Теперь Хегедуш куда больше напоминал себя самого прежнего, взвинченного и нервного. Он откашлялся и стиснул руку своей милой. Пальцем прошелся по воротнику рубашки и выговорил с натужным весельем:
— Мы же в баре как-никак, а? Можно чуточку виски?
Просьба его заметно обеспокоила Бреслина, однако он со вздохом поднялся, отправился к двери, открыл ее и сказал сидевшей за баром женщине в алом атласном платье:
— Пожалуйста, не могли бы вы дать нам бутылку вина?
Хегедуш за спиной Бреслина выкрикнул:
— Хотелось бы бурбон, можно?
Бреслин обернулся и впился взглядом в лицо Арпада.
— Бурбон?
— Да. Мисс Кэйхилл всегда…
Бреслин покачал головой и сказал женщине в алом:
— Бутылку бурбона. — Затем рассмеялся и добавил: — И еще немного виски и джина. — Закрыв дверь, он обернулся к Кэйхилл: — Пусть никто никогда не говорит, что Джо Бреслин не потчевал перебежчика так же щедро, как и Коллетт Кэйхилл.
— Классный выход, Джо, ты великий мастер сцены, — сказала Коллетт. Взглянув на Золтана Рети, она спросила: — А вы тоже перебежали, мистер Рети?

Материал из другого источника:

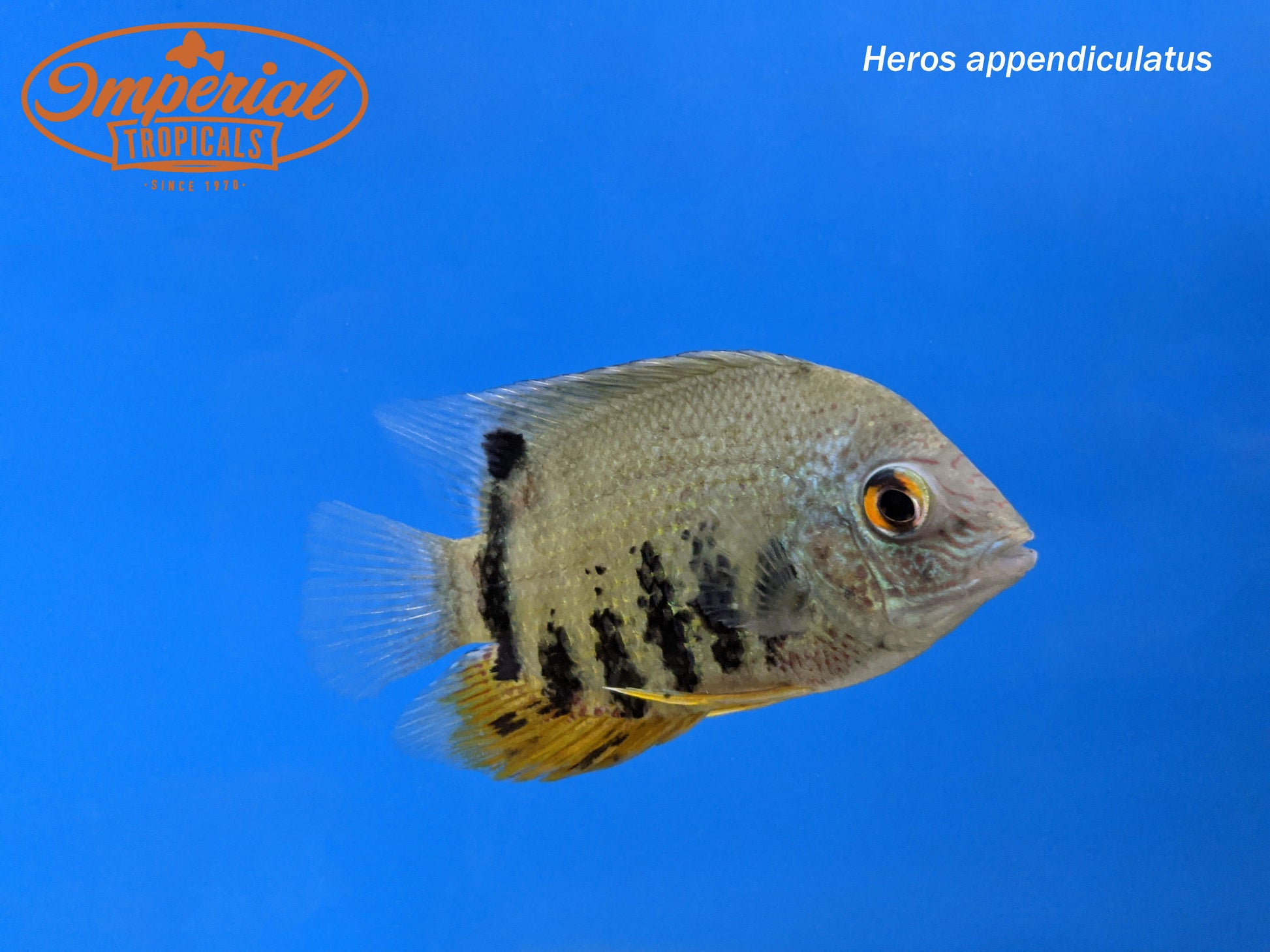 Remarks: Wild caught Turquoise Severums from Peru have been given the scientific name Heros appendiculatus, though some consider them a variant of Heros efasciatus, like the Green Severum. They have 9 stress bars, and males are covered in gorgeous small red spots.

Рети отрицательно покачал головой.
— А вы были?.. — Прежде чем продолжить, она вопросительно посмотрела на Бреслина. По его ничего не выражавшему лицу поняла, что можно идти дальше. — Вы были вовлечены в наши дела, мистер Рети, через Барри Мэйер?
— Да.
— Вы были контактом Барри здесь, в Будапеште?
— Да.
— Вам она вручала то, что доставляла для нас?
Он улыбнулся.
— Это проходило чуточку сложнее, мисс Кэйхилл.
В дверь постучали. Бреслин открыл, и блондинка в алом внесла поднос с напитками, ведерко со льдом и стаканы. После того как она расставила все это на столе и ушла, Коллетт вскинула голову и прислушалась к звукам рояля и смеху посетителей за стеной. Так ли безопасно это место для разговора, который им предстоял? Ей стало почти стыдно даже за закравшееся сомнение: Бреслин известен как самый осторожный из сотрудников разведки в будапештском посольстве.

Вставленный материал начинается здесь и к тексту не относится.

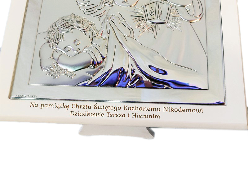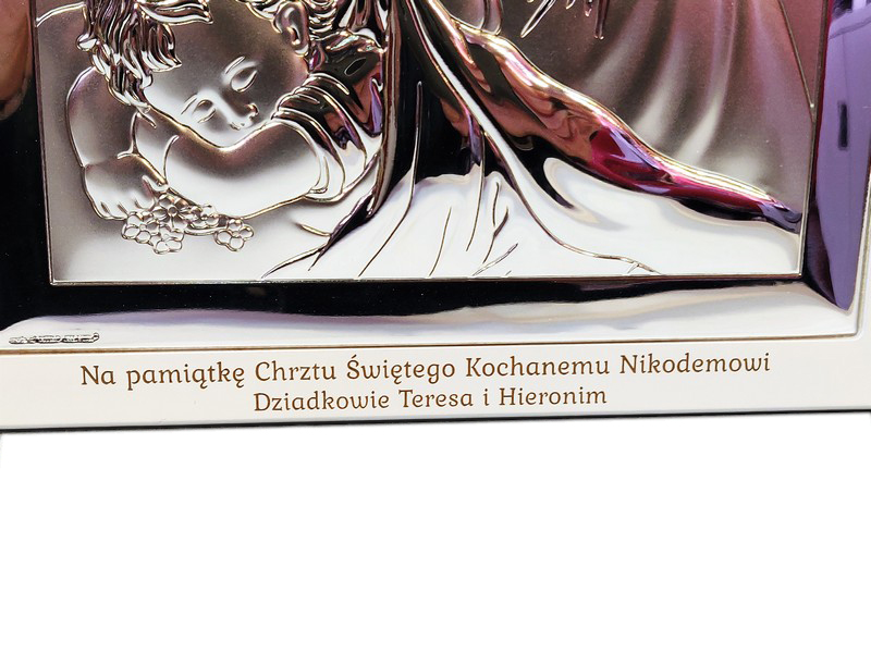 Na srebrnym obrazku możemy wykonać indywidualny grawer dedykacji.

— Видимо, этот разговор лучше повести мне, — сказал Бреслин.
Кэйхилл на мгновение опешила, но спорить не стала:
— Само собой.
Бреслин, указывая пальцем через стол на Золтана Рети, произнес:
— Начнем с вас.
И Хегедушу:
— Надеюсь, не возражаете?
Хегедуш, увлеченный наполнением высокого стакана бурбоном, быстро-быстро замотал головой:
— Разумеется, нет.
— Мистер Рети, — продолжил Бреслин, — мисс Кэйхилл улетала в Соединенные Штаты, где пыталась выяснить, что произошло с Барри Мэйер. Не знаю, известно ли вам, но они были закадычными подругами.
— Да, это мне известно, — сказал Рети.
— Тогда вам известно, что мы никогда не верили, будто Барри Мэйер умерла естественной смертью.
Рети фыркнул:
— Ее убили. Только дурак мог подумать другое.
— Вот именно, — подхватил Бреслин. — Одна из трудностей, с которой мы столкнулись, состояла в том, чтобы уяснить, что могла везти Барри такого важного, из-за чего ее убили. Говоря откровенно, до того, как все произошло, мы даже не знали о ее последней поездке в Будапешт. Из Вашингтона мы ничего не ждали. Однако вы явно знали о ее приезде.
Рети кивнул, и его кустистые брови опустились едва ли не ниже глаз.
— Но ведь, — заговорила Кэйхилл, — вас, мистер Рети, здесь не было. Вы были в Лондоне.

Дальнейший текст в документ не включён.